Sitting at the centre of the board’s operations, the company secretary is often one of the first persons to learn of new transactions or material changes affecting the company. Such transactions or changes could constitute inside information within the meaning of the SFO.

The company secretary should help to establish procedures for monitoring and escalating potential inside information to the board, and provide timely advice to the board as to whether there is inside information. Once inside information has been identified, the company secretary should take reasonable precautions to preserve its confidentiality. This includes reminding directors and employees who have access to such information of their confidentiality obligations. During the material time, the company secretary should also pay close attention to the media and consider whether confidentiality has been breached.

Where a disclosure obligation has arisen, the company secretary may need to arrange a public announcement to be made in connection with the inside information. Such announcement should be clear, comprehensible and provide sufficient background information so that investors can make well-informed decisions.

External service providers

It is not uncommon for companies to engage external professional firms as company secretaries, but there may be some inherent difficulties which need to be overcome by external company secretaries in order to perform their duties. For example, if they are not physically in the offices of the company every day, they need to ensure that clear internal processes are implemented so that they are kept informed of the issuers’ activities at all times.

Conclusion

Good corporate governance cannot be achieved by a box ticking exercise. It is important to recognise that the ‘comply or explain’ regime under the CG Code is designed to cater for greater flexibility for a reason. Issuers should consider whether an alternative framework is more suitable to its needs and give a full explanation of the reasons behind it. The best corporate governance practice would be one that is tailor-made for an issuer after considering the issuer’s businesses and circumstances from all angles.

Katherine Ng, Senior Vice-President and Head of Policy, Listing Hong Kong Exchanges and Clearing Ltd

SIDEBAR: Are you effective in your role?

Hong Kong’s Corporate Governance Code states that all directors should have access to the advice and services of the company secretary, but in practice the level of reliance placed on the company secretary’s shoulders varies significantly from company to company. The following questions are designed to help company secretaries assess how effective they are in their roles.

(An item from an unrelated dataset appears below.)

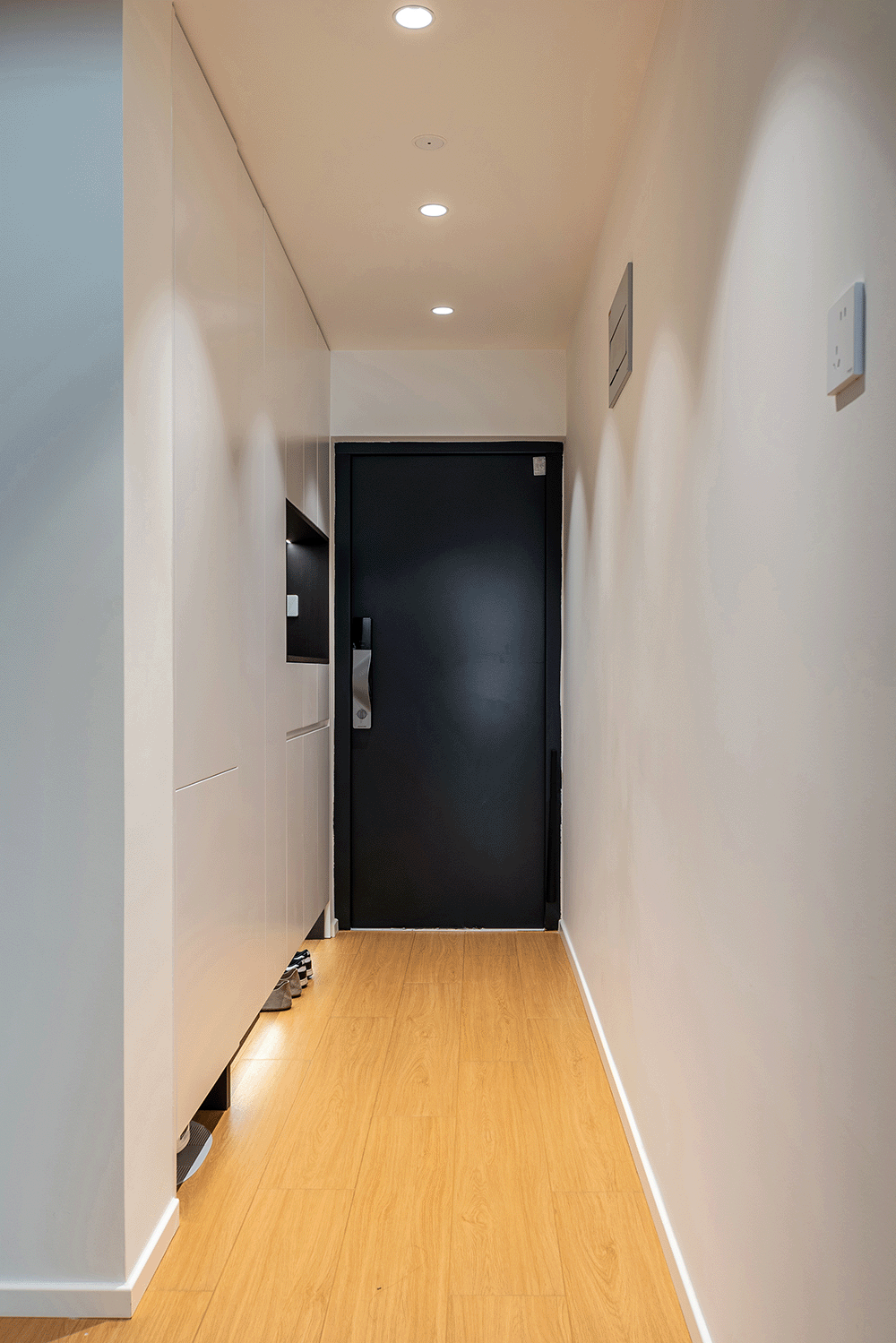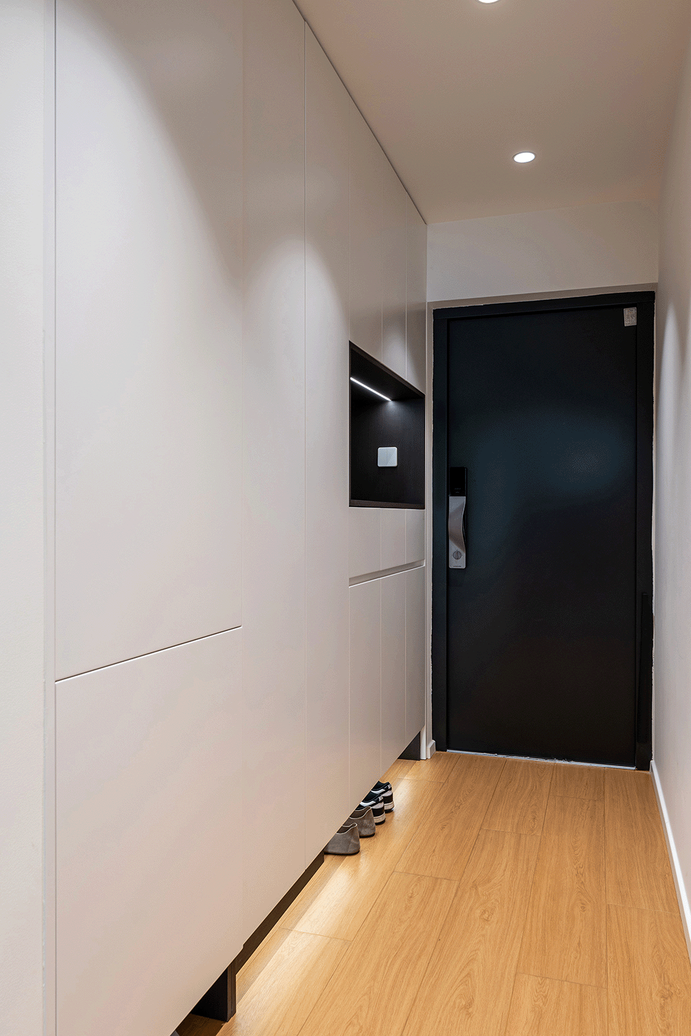 玄关区域安装了嵌入式顶灯,提供均匀的照明,确保在进出时有足够的光线。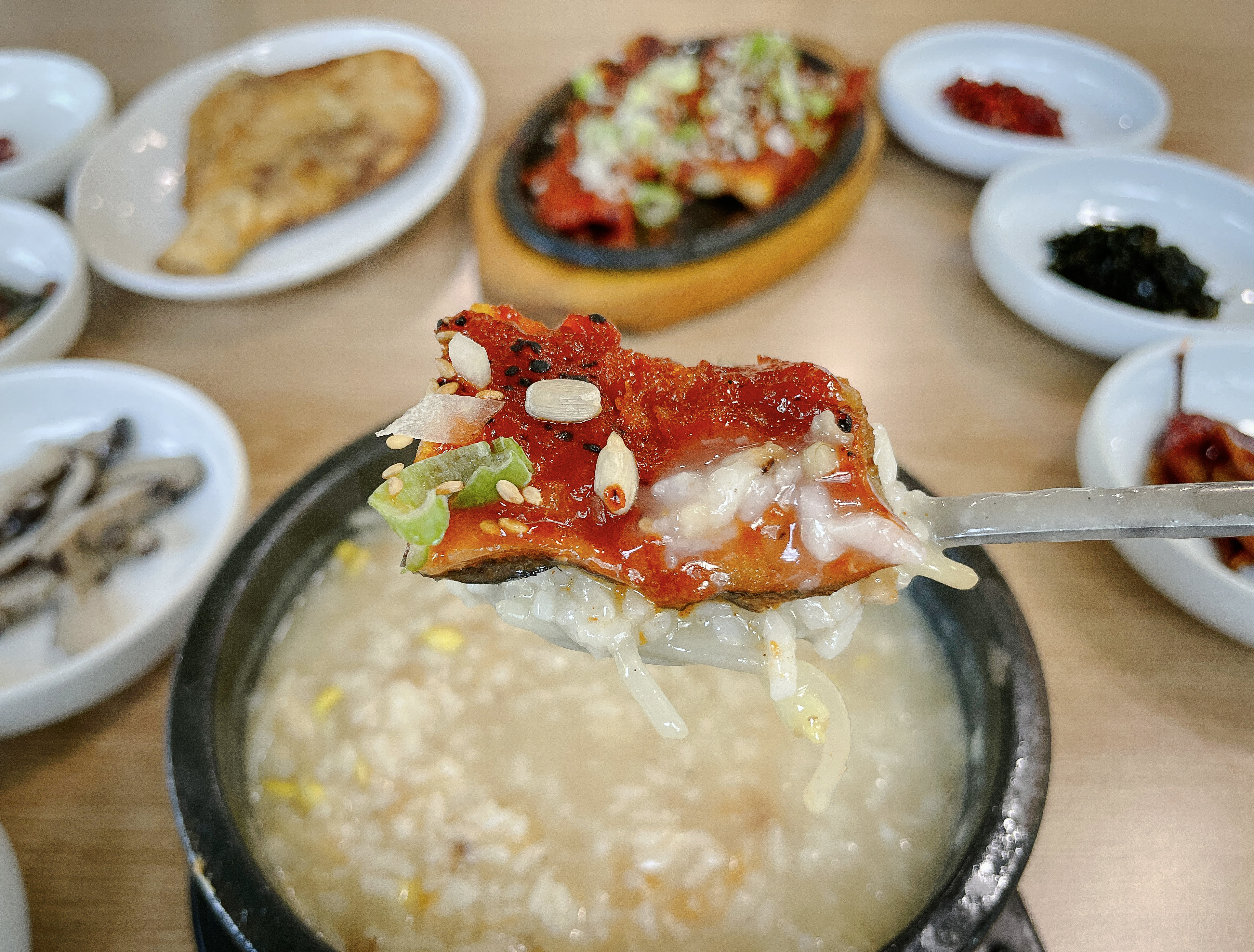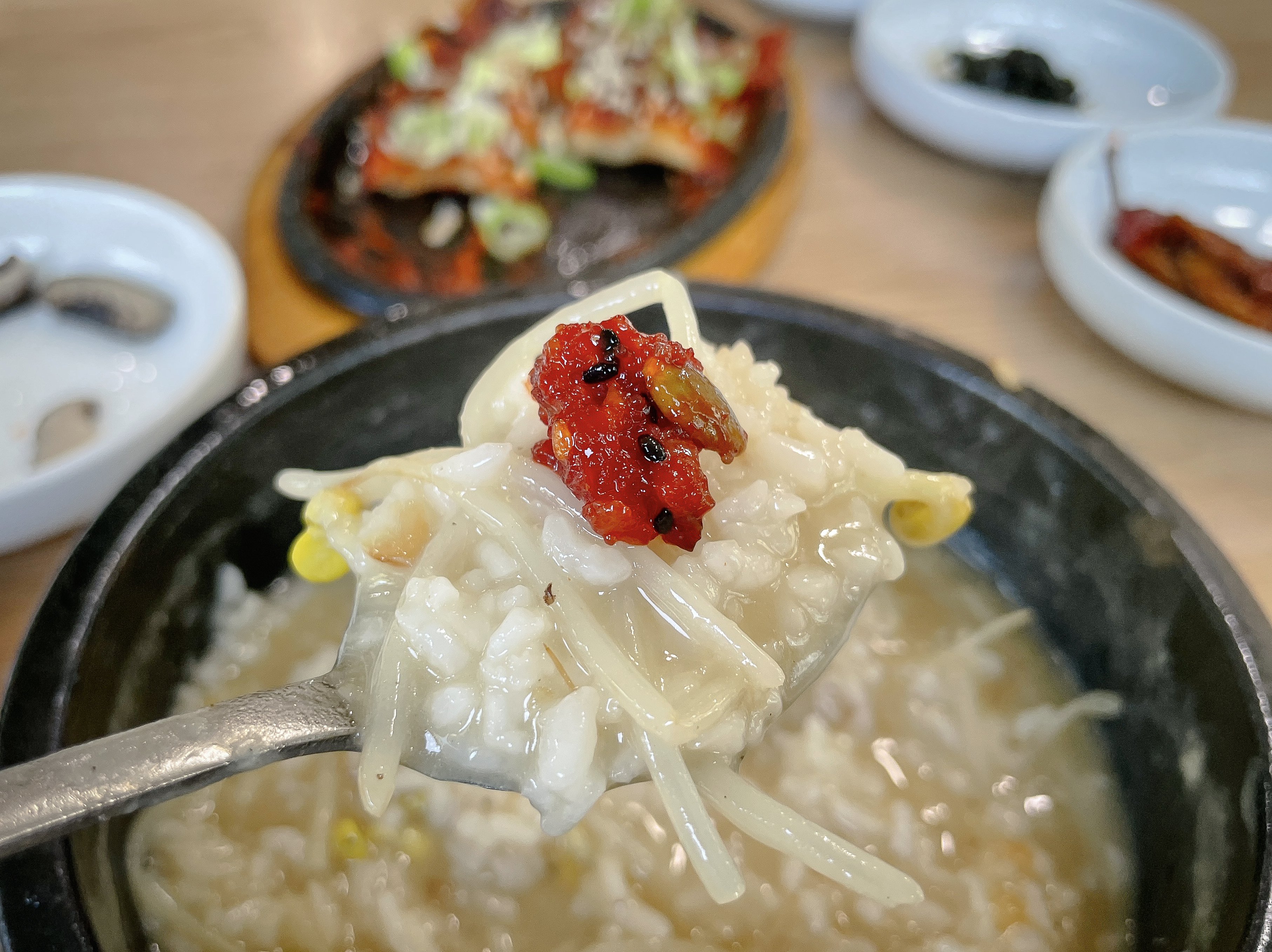 국밥은 그냥 먹어도 적당한 간이 있어서 맛이 좋았지만, 씹는 식감이 좋은 황태구이나 짭조름한 맛의 씨앗 젓갈과 곁들여도 맛이 괜찮았습니다. 양양 감나무식당의 황태국밥은 제가 처음 접해보는 국밥이었고, 맛도 괜찮았습니다. 다만 대기시간이 좀 길다는 게 약간 아쉬운 점이었습니다.

  • Are your directors relying on you for advice especially on listing rule compliance?
  • Are you closely following the board’s discussions and decision-making process?
  • Are you prepared to challenge the board where good corporate governance standards are at risk?
  • Are you actively maintaining a dialogue between board and management and between your company and external stakeholders?
  • Are you actively engaged in facilitating directors’ training – both in terms of induction and ongoing training?
  • Do you assist directors in their oversight of the company’s internal control and risk management systems?
  • Are you actively engaged in ensuring that proper procedures are followed when managing conflict of interests and connected transactions?
  • Are you involved in preparing corporate governance reports and environmental, social and governance reports?

SIDEBAR: Directors’ training webcasts

The Exchange recently launched a new series of directors’ training webcasts. The first webcast (in March 2017) focused on directors’ duties and board committees. A webcast in June this year discussed risk management, internal control and environmental, social and governance reporting. Two more webcasts are scheduled for the second half of 2017 on company secretaries and other support available to directors, and the Exchange’s expectations of directors for IPOs.

Company secretaries are encouraged to watch the webcasts available on the Exchange’s website: www.hkex.com.hk.